The insectivorous community in this study was dominated by S. trowbridgii. This species is known to be a habitat generalist (Carey and Harrington 2001). Sorex vagrans was more abundant in sites with low CWD than in sites with high CWD. Sorex vagrans increased in frequency in open grassy areas on well drained sites. At the same time, the population of S. vagrans fluctuated greatly at sites with low amounts of CWD, indicating that the population was less stable (Lee 1995).

Although the number of deer mice was not different between sites with low and high CWD, within-site use signified the importance of the CWD. Capture frequency of P. maniculatus showed significant differences in variables with a greater total number of CWD. Additionally, the number of deer mice was higher in sites with advanced CWD decay. Favorable microsites for P. maniculatus were characterized by advanced decay class and an abundance of CWD. At the site level, volume of CWD was most often a good predictor of CWD use by deer mice P. leucopus habitat use was strongly influenced by CWD abundance as it reduces the risk of predation and provides a wider range of areas to forage more efficiently (Fitzerald and Wolff 1988, Barnum et al. 1992).

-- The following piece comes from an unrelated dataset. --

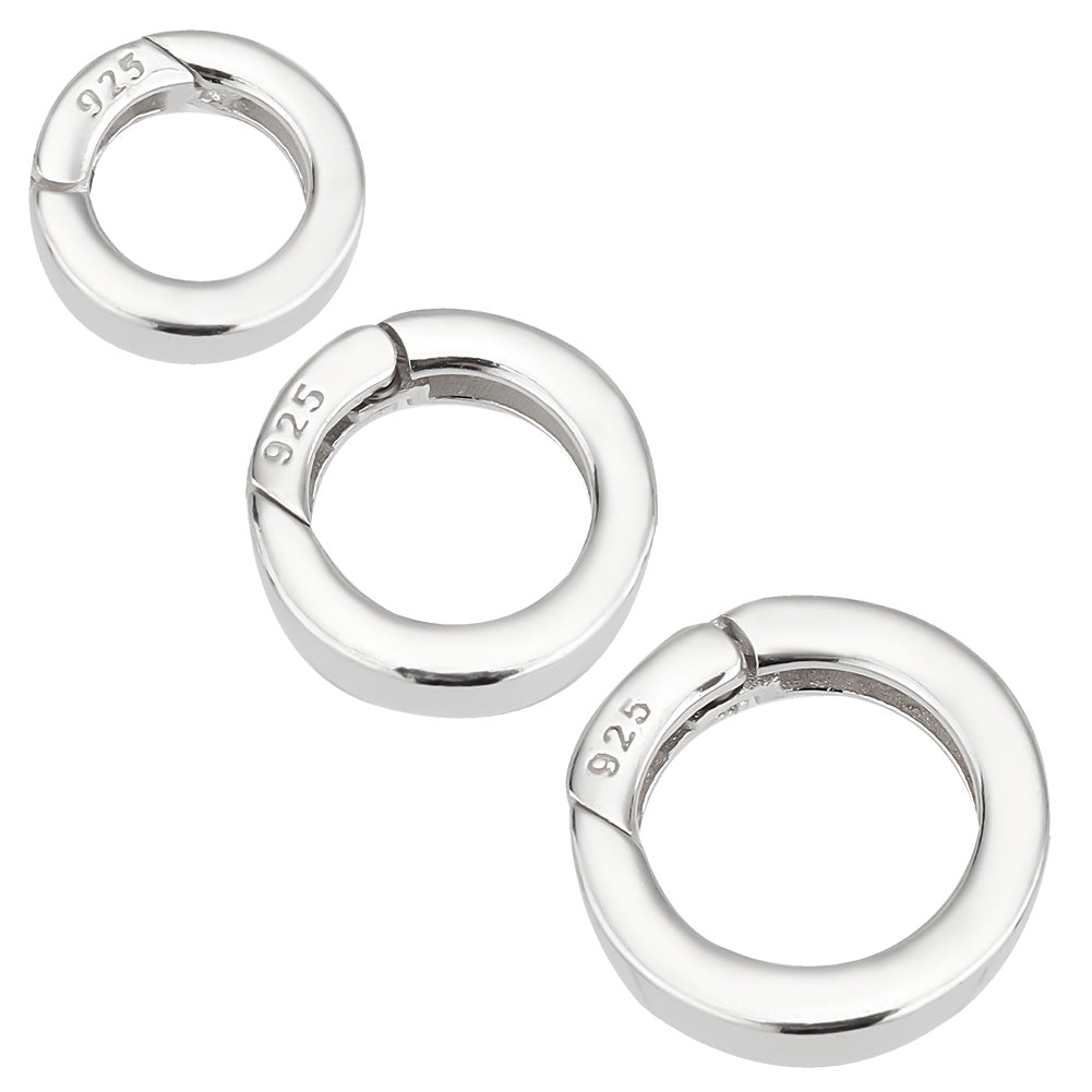 3Pcs 3 Styles 925 Sterling Silver Spring Gate Rings with 925 Stamp, Silver

We also found that subadult deer mice were closely associated with some characteristics of the CWD (number of logs, mean decay class, and mean distance). It seemed that the area covered by adults was larger than that of subadults, resulting in a better correlation between habitat characteristics of the subadult population and CWD.

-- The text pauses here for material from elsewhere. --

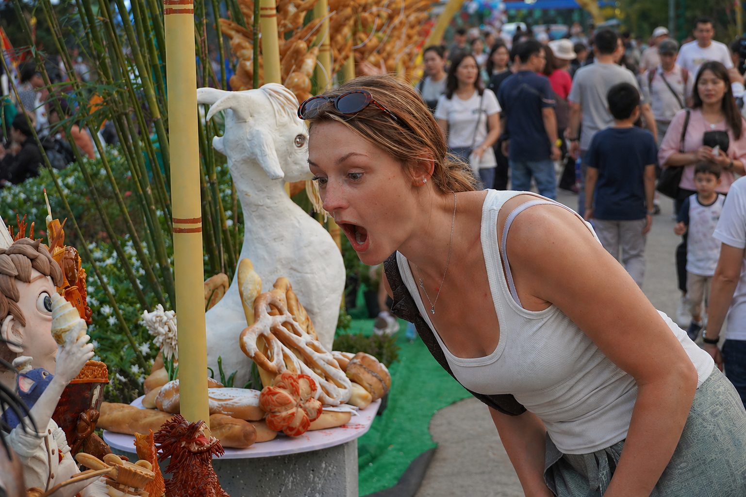 “Vỏ bánh giòn, phần nhân phong phú và đậm vị hơn tôi nghĩ”, chị Margaux nói, đồng thời cho biết bất ngờ khi nhiều khu vực đông kín, phải chen chân mới có thể tiếp cận. Ảnh: Nguyên Phong

Although a 5 m radius was used to estimate the total effect of CWD on insectivores, the mean distance from CWD to the capture station appeared to be the only significant variable for S. trowbridgii. Total captures of all insectivores were also highly associated with mean distance, suggesting that the proximity of CWD was important to insectivore abundance. Sorex trowbridgii was the most abundant species among the four insectivores and strongly influenced the results of all insectivores. Similarly, Carey and Harrington (2001) also observed an increased number of insectivores at high CWD sites.

Two conclusions can be reached: 1) the number of pieces of CWD and mean decay class, but not volume, were important for P. maniculatus habitat use; 2) mean distance to the capture point was a significant habitat variable for insectivores, suggesting the importance of proximity to CWD. We also found that volume of CWD was a good predictor of deer mice abundance among sites. Thus, it is critical to retain a sufficient number of logs and snags in forest ecosystems. Unfortunately, current logging practices greatly reduce the amount of CWD (Spies et al. 1988). The size of logs and snags determines the duration of their use, because large CWD generally lasts longer than smaller CWD. In this regard, an unevenaged structure may best ensure continual input and existence of sufficient CWD. Retaining large logs is also important in nutrient cycling and cover for larger animals. This study used fixed trapping points but monitoring individual animals (e.g., radio-telemetry) would determine CWD use more clearly.

In conclusion, the importance of CWD as a habitat feature for small mammals was tested at sites with high and low amounts of CWD. Analysis of within-site variability revealed that the number of pieces of CWD and mean decay class were positively related to deer mice captures. Captures of insectivores at trapping stations were highly associated with mean distance from CWD indicating that proximity to CWD was important to insectivores. Retention of large CWD can be an important for rodent management in forests of the Pacific Northwest.